As minster of defense, Pinzón cannot comment on nor participate in the peace negotiations. Members of the Armed Forces and National Police are also prohibited from publically opining on political matters, including the peace talks. As such, it is difficult to maintain morale among troops that continue to make sacrifices on the frontlines of the conflict. But Pinzón does the best he can. “I continue to tell [the troops] that it is their efforts that have weakened FARC to the point that they have been forced to the negotiation table,” he said. Pinzón has also secured millions of dollars in public funding to fortify rehabilitation centers for the wounded and to increase salaries for members of the Armed Forces and the National Police.
Despite the ongoing challenges of maintaining national security and the uncertainty surrounding the eventual outcome of the peace talks, Pinzón is optimistic about his country’s outlook. He is certain that Colombia will play an increasingly important role in the region in the coming years. From the military point of view—thanks in part to Plan Colombia, the $9 billion military and humanitarian aid program first approved during the Clinton administration—the Colombian military has already been sharing its experience and expertise with other nations. To date, it has trained over 24,000 members of the armed forces of 60 countries around the world in counterinsurgency, counter-drug trafficking, and humanitarian assistance, for example.
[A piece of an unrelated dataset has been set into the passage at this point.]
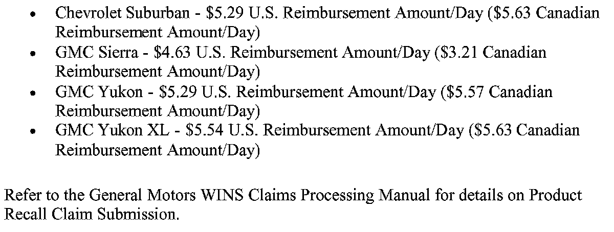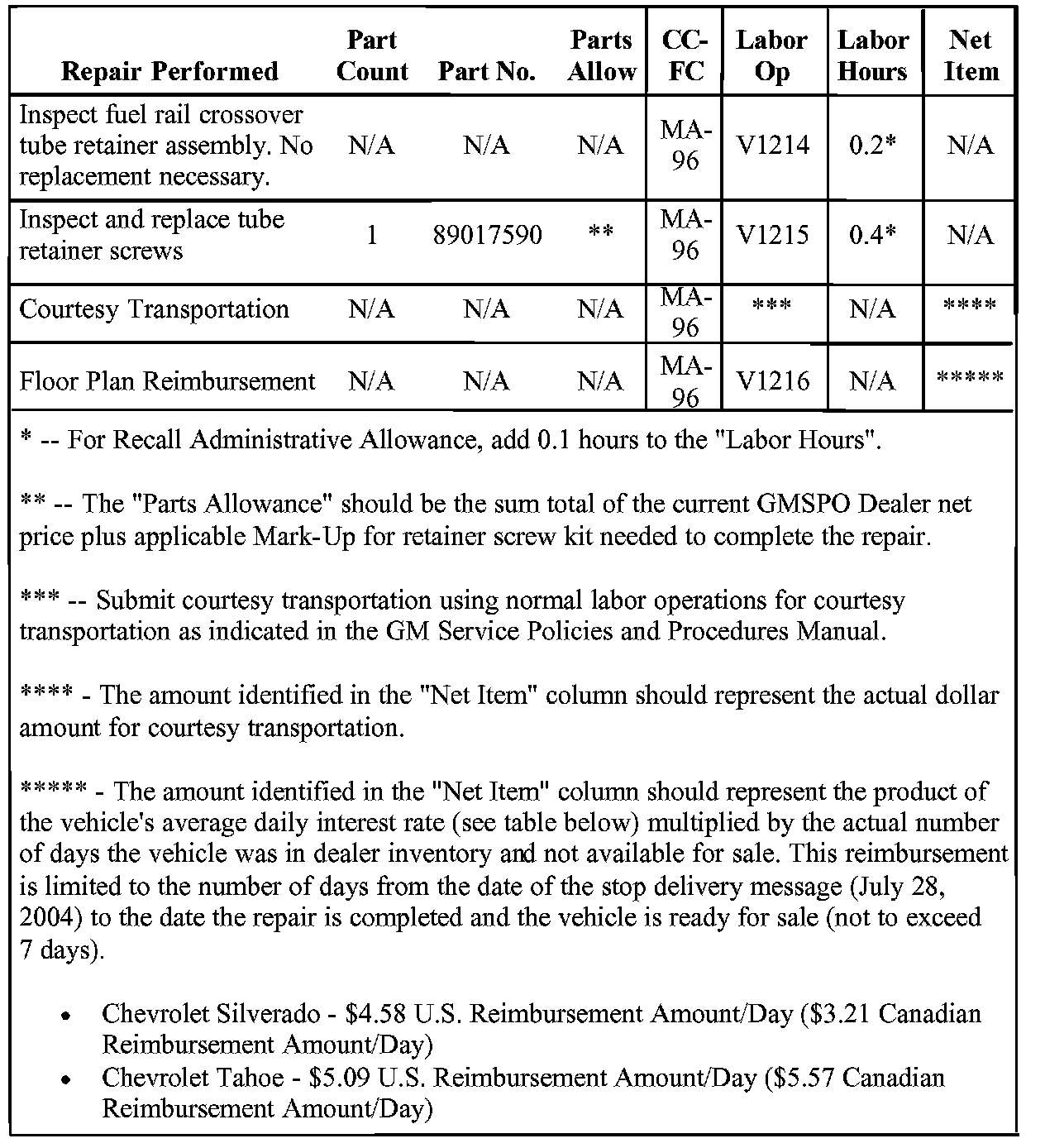 Dealers in possession of vehicles included in the Stop Delivery are eligible for reimbursement of floor plan expense upon completion of this recall. This reimbursement is limited to the number of days from the Stop Delivery message to receipt of the recall parts and/or repair procedures. Floor plan reimbursement beyond these dates is not followed. The amount of reimbursement should be charged as a net amount expense using the recall labor operation provided.

But beyond military cooperation and the war against drugs, Pinzón hopes that relations between Bogotá and Washington will strengthen. “First and foremost, we have the shared values of democracy, free markets, and personal liberties,” he says.
Pinzón also thinks that if diplomatic relations were fully normalized between Cuba and the United States, Cuba would finally tone down its anti-U.S. propaganda. So far, the Fidel and Raúl Castro administrations have successfully united insurgent factions and countries within Latin America—at least ideologically—by promoting a shared culture, such as “revolutionary” values, in a way that Washington has not. As a result, Colombia is literally surrounded by countries that not only remain critical of Colombia’s friendship with the United States but are sympathetic to the insurgent groups that once threatened to bring Colombia to its knees. Within that context, Colombia’s efforts to maintain strong relations with Washington and heal itself after decades of bloodshed, while in effect standing alone, are quite heroic.
Pinzón argues that, given the region’s abundant natural resources and its geographical proximity to the United States, with its fast-growing Hispanic population, lawmakers in Washington should not underestimate the importance of building a more united Americas with Colombia’s help. “A united Americas could truly prove to be a formidable force for good in the world,” he said. It seemed fitting, then, that after our interview, the Colombian press announced that Pinzón will soon be the new ambassador to the United States.